Exclude all pictures from your copy of the data below, which should otherwise match exactly.

◆ Given information

####################

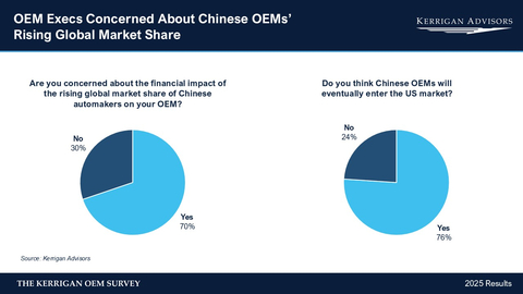 - 70% of OEM executives surveyed are concerned about the financial impact of the rising global market share of Chinese auto manufacturers.
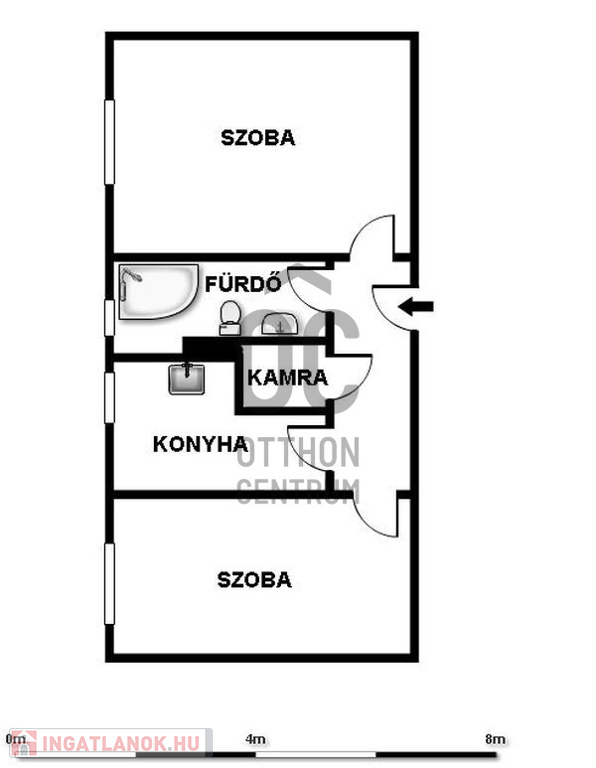 - 3 különnyíló szobával rendelkezik, mivel a konyhából hálószobát alakítottak ki.
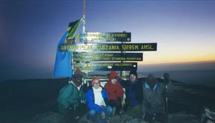 Uhuru Peak nåddes ca 15 minuter före soluppgången den 1 januari. Lite slitna men väldigt glada.

####################

◆ Response for this exercise
 - 70% of OEM executives surveyed are concerned about the financial impact of the rising global market share of Chinese auto manufacturers.
 - 3 különnyíló szobával rendelkezik, mivel a konyhából hálószobát alakítottak ki.
 Uhuru Peak nåddes ca 15 minuter före soluppgången den 1 januari. Lite slitna men väldigt glada.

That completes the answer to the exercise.